On Tue, Mar 29, 2022 at 07:22 AM, Jean-Paul wrote:
Bonjour at these power level best practices woul us a switching supply not
linear
We use large Variacs to reduce Inrush.
The thought of sudden application of DC bus to vintage mil equipment is bad.
The mil-surplus equipment I'm interested in powering has dynamotors. As you know a DC motor is nearly a short circuit when stationary, and very few if any dynamotors had a soft-start circuit.
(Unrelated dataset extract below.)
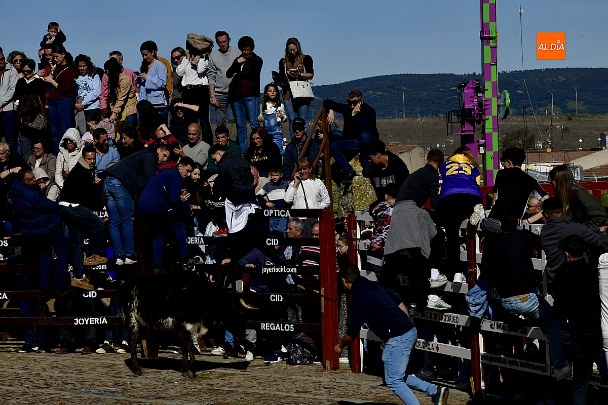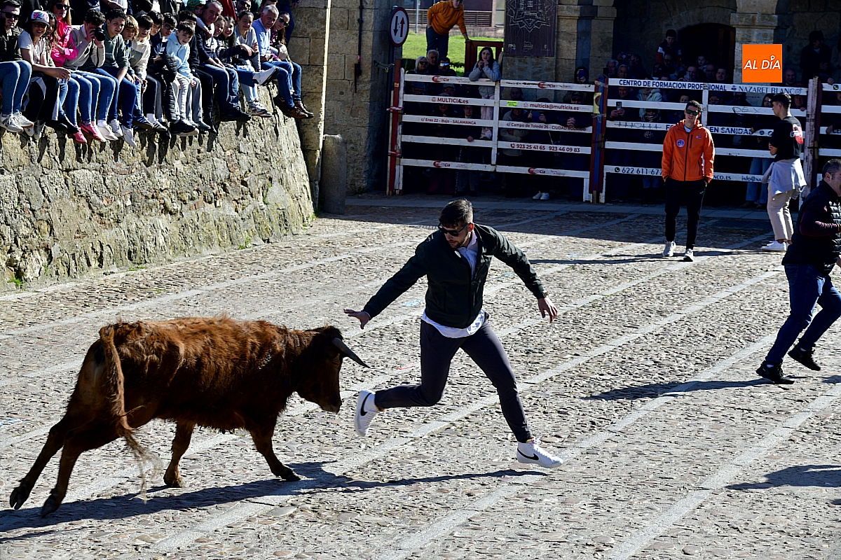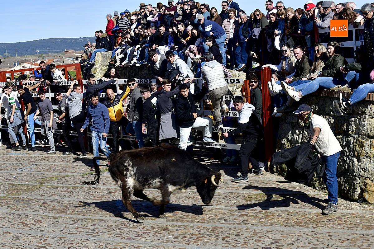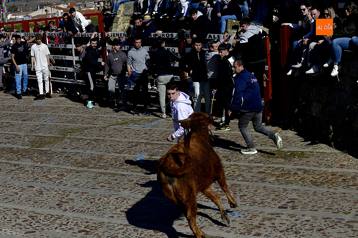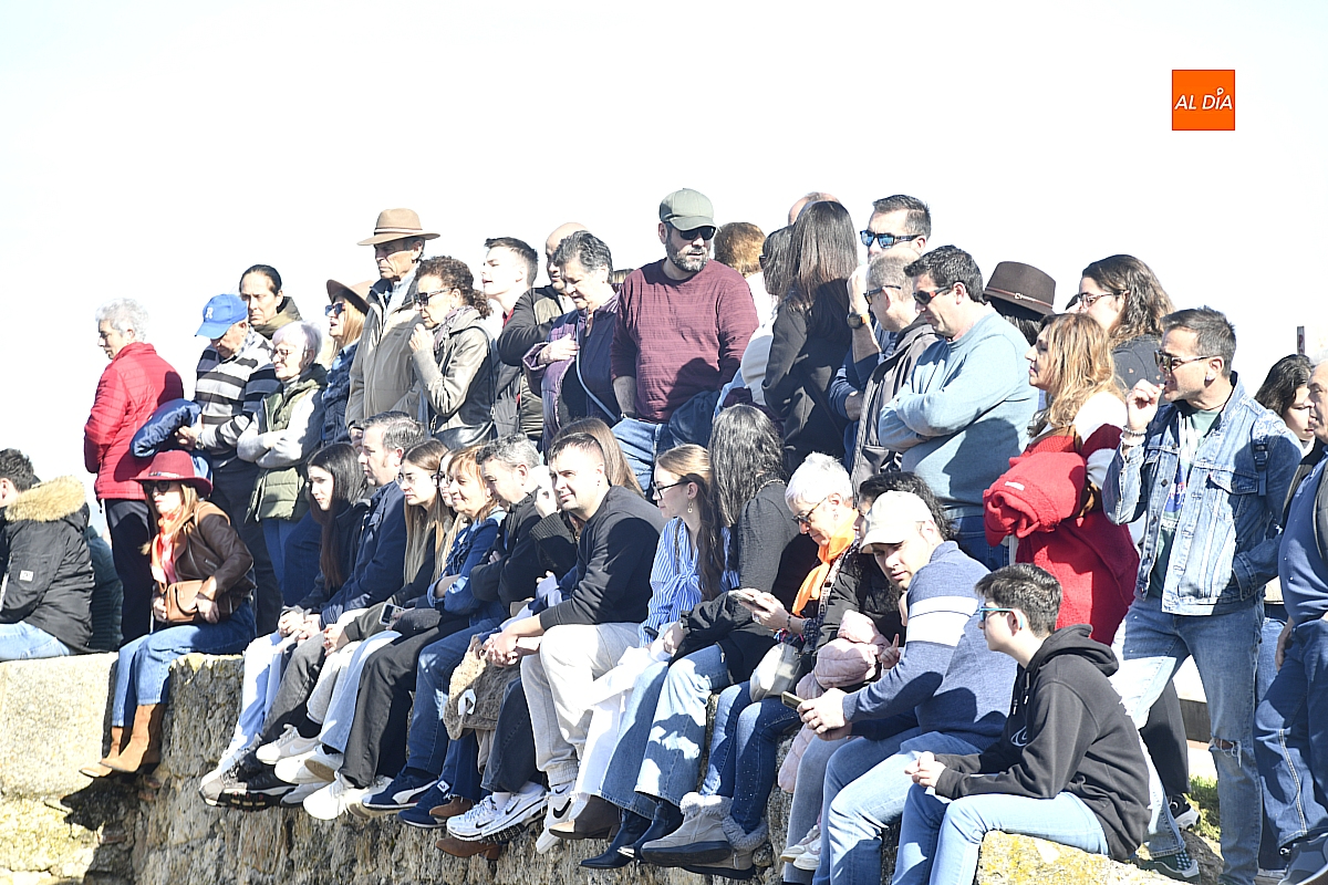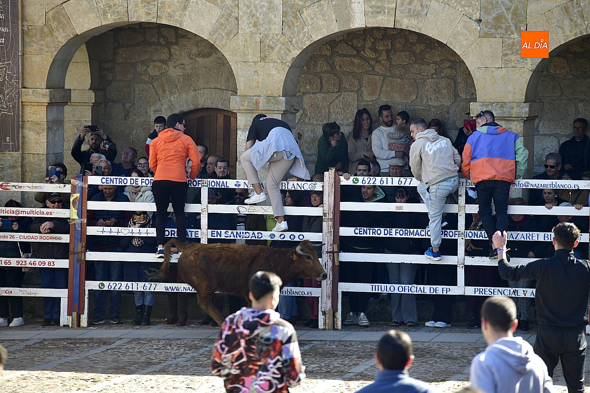 Los mirobrigenses disfrutaron de un espléndido día soleado en este enclave, convertido en escenario de una animada suelta de dos vaquillas procedentes de El Bodón, ganadería de Sänchez Herrero. Las reses ofrecieron un juego vivo y constante, recorriendo sin descanso el recinto empedrado y respondiendo con prontitud a las llamadas de los jóvenes participantes, muchos de ellos en sus primeros escarceos con el recorte. Para estos mozos, la capea constituye una suerte de rito iniciático: un espacio de aprendizaje donde se ensayan valor y técnica antes de aspirar, en años venideros, a enfrentarse a los toros de mayor porte que protagonizan las jornadas centrales del Carnaval.

They are designed to have the DC "suddenly" connected with a big switch, after all... If you're concerned about electrolytics reforming I would have done that already with external power supplies before just throwing the switch :) same for the dynamotor bearings, I always remove and relube them.
The big problem with switching supplies is that they cannot handle momentary overloads without shutdown, thus unsuitable for motor-start applications. And the inrush current on a dynamotor is usually 3-4 times the full load rating. That holds true for the large rotary inverter I'm powering (FL = 115 amps, inrush = 420 amps).
Also the switchers are not inexpensive at this size. The weight (50+ lbs) of this linear supply is not a problem, and it's not that much physically larger than a 3000 watt switcher, or stacked smaller ones. In fact, to handle the starting surge of this inverter, I would need switchers capable of supplying the full 420 amps which would be VERY costly. Or rig a pair of floating 12 volt batteries, which are also expensive, bulky and heavy.